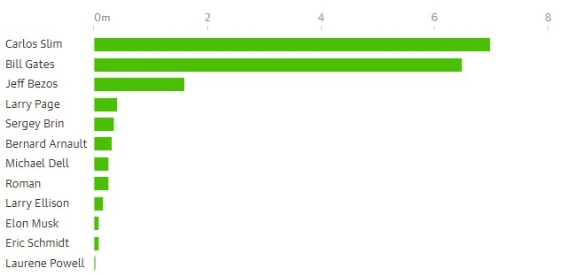 그 다음으로 마이크로소프트 창업자 빌 게이츠, 제프 베이조스 아마존 회장, 구글 공동창업자인 래리 페이지와 세르게이 브린, LVMH 회장 베르나르 아르노, 델 회장인 마이클 델, 러시아 재벌 로만 아브라모비치, 오라클 창업자 겸 회장인 레리 엘리슨, 테슬라 CEO인 일론 머스크, 구글 전 회장인 에릭 슈미트, 스티브 잡스 배우자이자 에머슨 콜렉티브 회장인 로렌 파월 순이다.
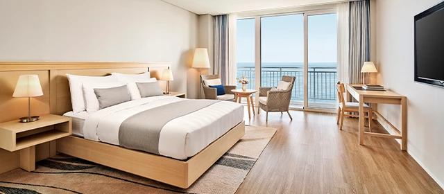 일출이 보이는 오션뷰 디럭스 더블 객실에서
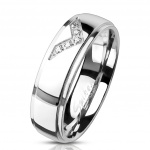 Bague couple en acier avec bandeau à hélices et pierre claire
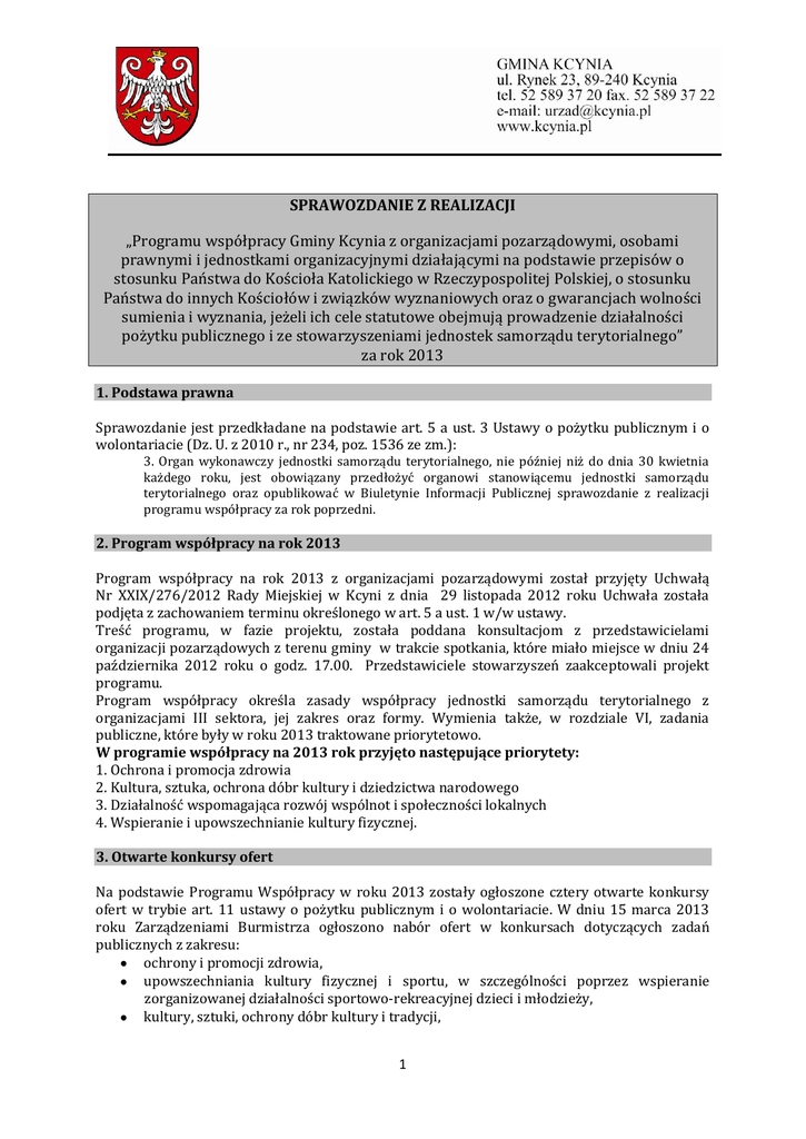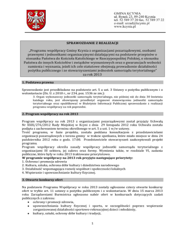 SPRAWOZDANIE Z REALIZACJI „Programu współpracy Gminy Kcynia z organizacjami pozarządowymi, osobami prawnymi i jednostkami organizacyjnymi działającymi na podstawie przepisów o stosunku Państwa do Kościoła Katolickiego w Rzeczypospolitej Polskiej, o stosunku Państwa do innych Kościołów i związków wyznaniowych oraz o gwarancjach wolności sumienia i wyznania, jeżeli ich cele statutowe obejmują prowadzenie działalności pożytku publicznego i ze stowarzyszeniami jednostek samorządu terytorialnego” za rok 2013 1. Podstawa prawna Sprawozdanie jest przedkładane na podstawie art. 5 a ust. 3 Ustawy o pożytku publicznym i o wolontariacie (Dz. U. z 2010 r., nr 234, poz. 1536 ze zm.): 3. Organ wykonawczy jednostki samorządu terytorialnego, nie później niż do dnia 30 kwietnia każdego roku, jest obowiązany przedłożyć organowi stanowiącemu jednostki samorządu terytorialnego oraz opublikować w Biuletynie Informacji Publicznej sprawozdanie z realizacji programu współpracy za rok poprzedni. 2. Program współpracy na rok 2013 Program współpracy na rok 2013 z organizacjami pozarządowymi został przyjęty Uchwałą Nr XXIX/276/2012 Rady Miejskiej w Kcyni z dnia 29 listopada 2012 roku Uchwała została podjęta z zachowaniem terminu określonego w art. 5 a ust. 1 w/w ustawy. Treść programu, w fazie projektu, została poddana konsultacjom z przedstawicielami organizacji pozarządowych z terenu gminy w trakcie spotkania, które miało miejsce w dniu 24 października 2012 roku o godz. 17.00. Przedstawiciele stowarzyszeń zaakceptowali projekt programu. Program współpracy określa zasady współpracy jednostki samorządu terytorialnego z organizacjami III sektora, jej zakres oraz formy. Wymienia także, w rozdziale VI, zadania publiczne, które były w roku 2013 traktowane priorytetowo. W programie współpracy na 2013 rok przyjęto następujące priorytety: 1. Ochrona i promocja zdrowia 2. Kultura, sztuka, ochrona dóbr kultury i dziedzictwa narodowego 3. Działalność wspomagająca rozwój wspólnot i społeczności lokalnych 4. Wspieranie i upowszechnianie kultury fizycznej. 3. Otwarte konkursy ofert Na podstawie Programu Współpracy w roku 2013 zostały ogłoszone cztery otwarte konkursy ofert w trybie art. 11 ustawy o pożytku publicznym i o wolontariacie. W dniu 15 marca 2013 roku Zarządzeniami Burmistrza ogłoszono nabór ofert w konkursach dotyczących zadań publicznych z zakresu: ochrony i promocji zdrowia, upowszechniania kultury fizycznej i sportu, w szczególności poprzez wspieranie zorganizowanej działalności sportowo-rekreacyjnej dzieci i młodzieży, kultury, sztuki, ochrony dóbr kultury i tradycji, 1 działalności wspomagającej rozwój wspólnot i społeczności lokalnych. Podjęto następujące zarządzenia: Zarządzenie Nr 10/2013 Burmistrza Kcyni z dnia 17 stycznia 2013 roku w sprawie ogłoszenia otwartego konkursu ofert nr 1/2013 na wykonanie zadania publicznego w zakresie kultury, sztuki, ochrony dóbr kultury i tradycji, w szczególności poprzez wspieranie działalności orkiestry dętej. W dniu 27 lutego 2013 roku o godz. 14.00 odbyło się posiedzenie komisji konkursowej powołanej Zarządzeniem Burmistrza Kcyni Nr 38/2013 z dnia 22 lutego 2013 roku oraz Zarządzeniem nr 40/2013 z dnia 25 lutego 2013 roku. Komisja została powołana do rozpatrzenia ofert na realizację zadania publicznego w zakresie kultury, sztuki, ochrony dóbr kultury i tradycji. Wpłynęła jedna oferta OSP Kcynia na „Prowadzenie orkiestry dętej przy OSP Kcynia”. Oferent otrzymał dofinansowanie w kwocie 30.000,00 zł. W toku realizacji zadania aneksem Nr 1 z dnia 18 kwietnia 2013 roku do umowy 48/2013 z dnia 5 marca 2013 roku zmieniony został nr konta bankowego zleceniobiorcy. Pozostałe warunki umowy pozostały bez zmian. Ponadto wnioskodawca pismem z dnia 15 listopada 2013 roku zwrócił się z prośbą o wyrażenie zgody na przesunięcie części wkładu własnego z pozycji 7 na pozycję 6 i 8. Zgodnie z umową par. 9 ust. 4-6. ograniczenia co do możliwości przesunięć środków dotyczą tylko i wyłącznie dotacji. Istnieje dowolność w tym zakresie jeśli chodzi o wkład własny. Informację przekazano po akceptacji pisma – wnioskodawcy. Nie przeszkodziło to w prawidłowej realizacji zadania i osiągnięciu zamierzonych rezultatów. Sprawozdanie końcowe stowarzyszenia wpłynęło do Urzędu w terminie określonym w umowie tj. 14 stycznia 2014 roku. Sprawozdanie zostało zaakceptowane „Protokołem kontroli realizacji zadania na podstawie sprawozdania końcowego” (załącznik do zarządzenia nr 190/2013 z dnia 15 października 2013). W uwagach do części kontroli formalno – rachunkowej zapisano, iż zleceniodawca zobowiązany jest do zwrotu zgodnie z umową niewykorzystanej kwoty dotacji w wysokości – 120,00 zł plus odsetki. Zarządzenie Nr 47/2013 Burmistrza Kcyni z dnia 15 marca 2013 roku w sprawie ogłoszenia otwartego konkursu ofert nr 2/2013 na wykonanie zadania publicznego w zakresie ochrony i promocji zdrowia. W dniu 17 kwietnia 2013 roku o godz. 14.30 odbyło się posiedzenie komisji konkursowej powołanej Zarządzeniem Burmistrza Kcyni Nr 70/2013 z dnia 11 kwietnia 2013 roku. Komisja została powołana do rozpatrzenia ofert złożonych w 3 otwartych konkursach ofert: w zakresie ochrony i promocji zdrowia, upowszechniania kultury fizycznej i sportu oraz działalności na rzecz wspólnot lokalnych. Na konkurs wpłynęła jedna oferta pt. „Akademia zdrowia i urody”. Oferta KujawskoPomorskiego Stowarzyszenia Kobiet w Żninie Koło Terenowe Górki Zagajne spełniała wymogi formalne i merytoryczne. Oferent otrzymał wnioskowane 2.000,00 zł. 2 W ramach projektu mieszkanki wsi Górki Zagajne i Górki Dąbskie (ok. 25 osób) w okresie od maja do września 2013 roku brały udział w systematycznych ćwiczeniach fizycznych pod okiem instruktora (2 x w tygodniu przez 1,5 godz.) Uzupełnieniem ćwiczeń były zajęcia edukacyjne d
_____
[Work required]
Transcribe only this stretch of the data: the line with "일출이 보이는 오션뷰 디럭스 더블 객실에서", the line with "Bague couple en", and every line in between. Leave out the pictures.

[Output of the task]
 일출이 보이는 오션뷰 디럭스 더블 객실에서
 Bague couple en acier avec bandeau à hélices et pierre claire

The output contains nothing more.